Task to carry out :: From the line with "Renowned architectural masterpiece" to the end of the data below, restate each line word for word, both ends included, without the pictures.

Data excerpt ::

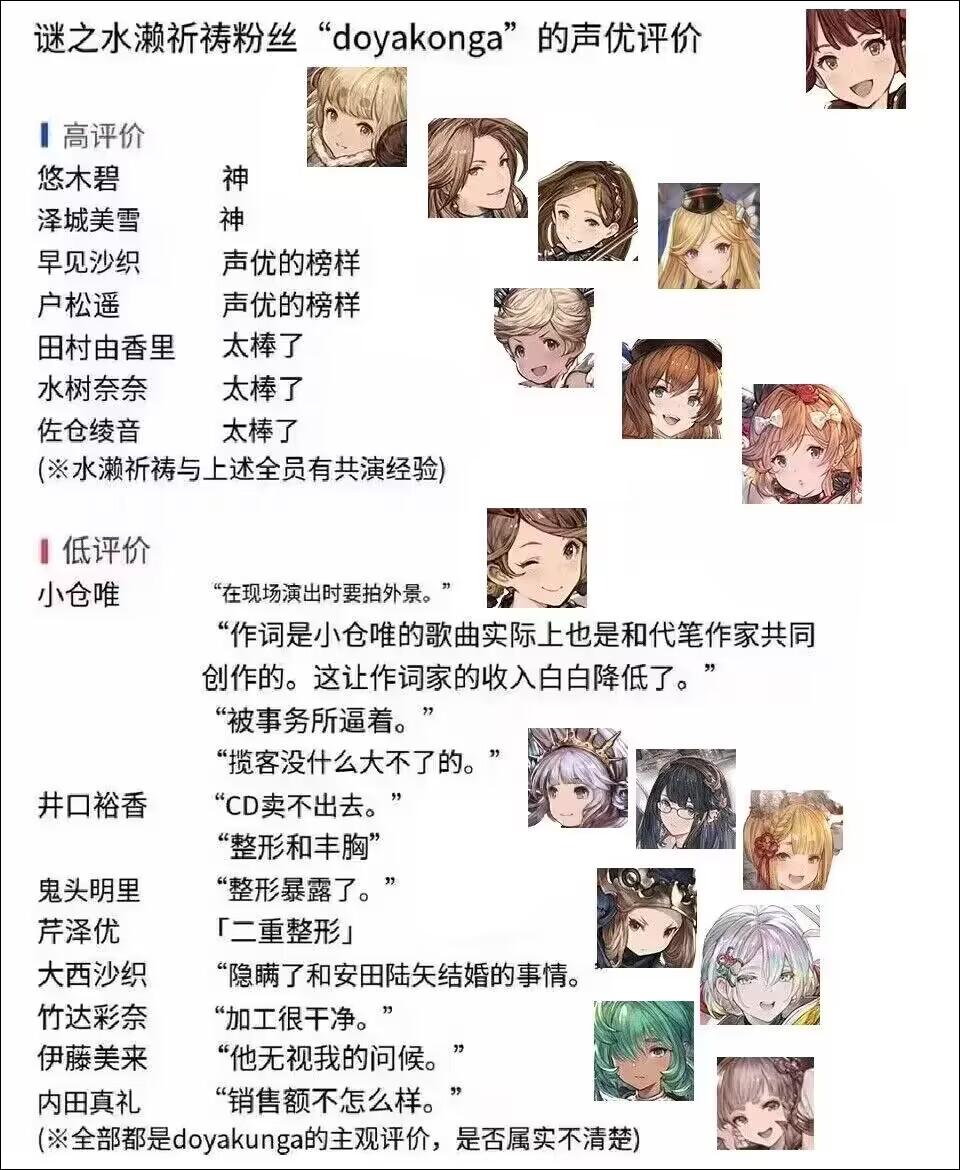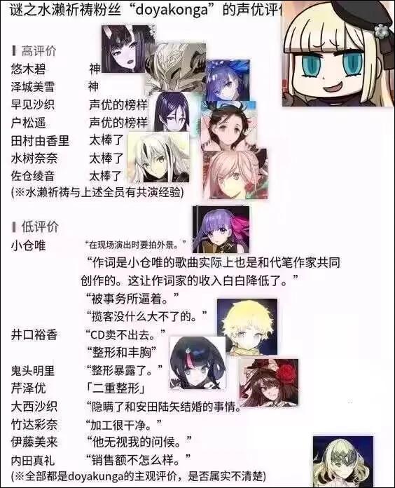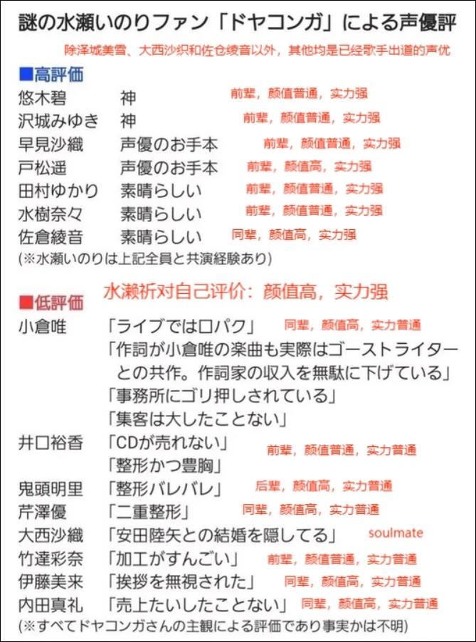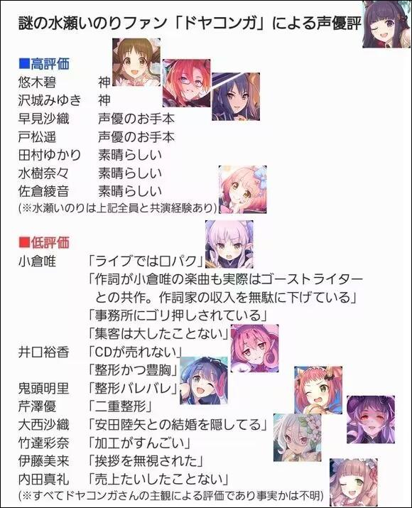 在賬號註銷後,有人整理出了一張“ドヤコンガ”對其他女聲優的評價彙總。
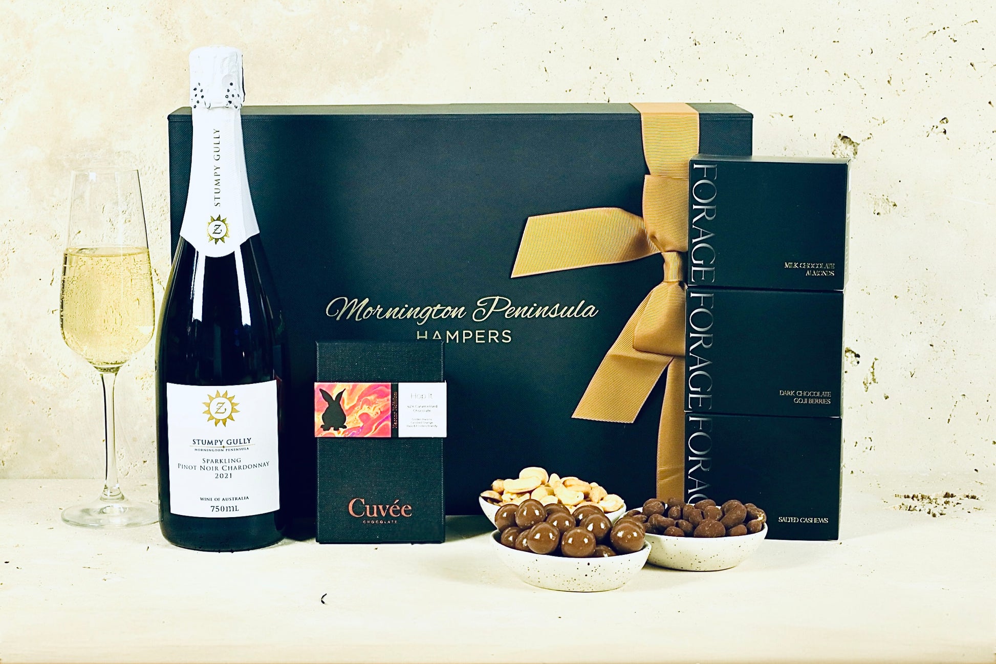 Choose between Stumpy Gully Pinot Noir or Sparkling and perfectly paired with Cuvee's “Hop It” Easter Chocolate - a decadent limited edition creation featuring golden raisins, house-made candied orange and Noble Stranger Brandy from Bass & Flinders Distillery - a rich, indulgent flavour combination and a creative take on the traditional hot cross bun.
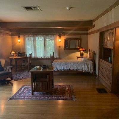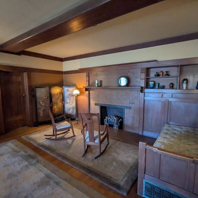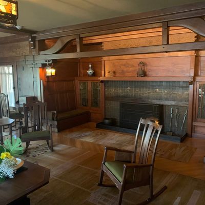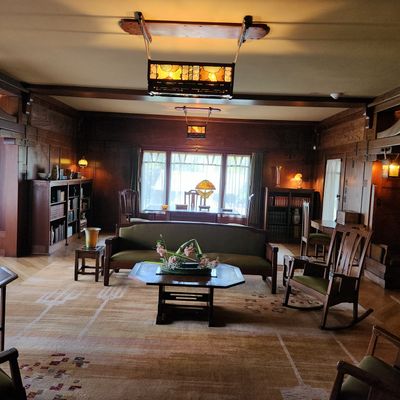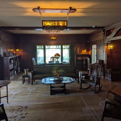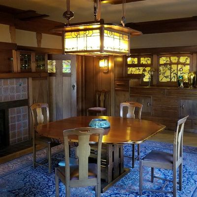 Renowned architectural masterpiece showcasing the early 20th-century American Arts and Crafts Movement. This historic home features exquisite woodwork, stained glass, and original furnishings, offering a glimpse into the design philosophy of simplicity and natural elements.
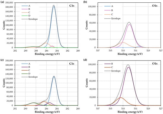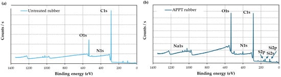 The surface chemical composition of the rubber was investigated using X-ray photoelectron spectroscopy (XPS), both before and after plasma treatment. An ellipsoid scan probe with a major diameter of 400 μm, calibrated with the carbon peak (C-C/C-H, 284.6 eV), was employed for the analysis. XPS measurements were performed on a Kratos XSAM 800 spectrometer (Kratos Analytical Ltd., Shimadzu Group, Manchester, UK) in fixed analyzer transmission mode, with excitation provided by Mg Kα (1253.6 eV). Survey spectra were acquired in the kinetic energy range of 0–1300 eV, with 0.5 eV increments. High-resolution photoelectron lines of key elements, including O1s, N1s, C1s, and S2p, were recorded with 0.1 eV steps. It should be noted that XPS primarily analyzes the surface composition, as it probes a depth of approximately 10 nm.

Solution to the exercise ::
 Renowned architectural masterpiece showcasing the early 20th-century American Arts and Crafts Movement. This historic home features exquisite woodwork, stained glass, and original furnishings, offering a glimpse into the design philosophy of simplicity and natural elements.
 The surface chemical composition of the rubber was investigated using X-ray photoelectron spectroscopy (XPS), both before and after plasma treatment. An ellipsoid scan probe with a major diameter of 400 μm, calibrated with the carbon peak (C-C/C-H, 284.6 eV), was employed for the analysis. XPS measurements were performed on a Kratos XSAM 800 spectrometer (Kratos Analytical Ltd., Shimadzu Group, Manchester, UK) in fixed analyzer transmission mode, with excitation provided by Mg Kα (1253.6 eV). Survey spectra were acquired in the kinetic energy range of 0–1300 eV, with 0.5 eV increments. High-resolution photoelectron lines of key elements, including O1s, N1s, C1s, and S2p, were recorded with 0.1 eV steps. It should be noted that XPS primarily analyzes the surface composition, as it probes a depth of approximately 10 nm.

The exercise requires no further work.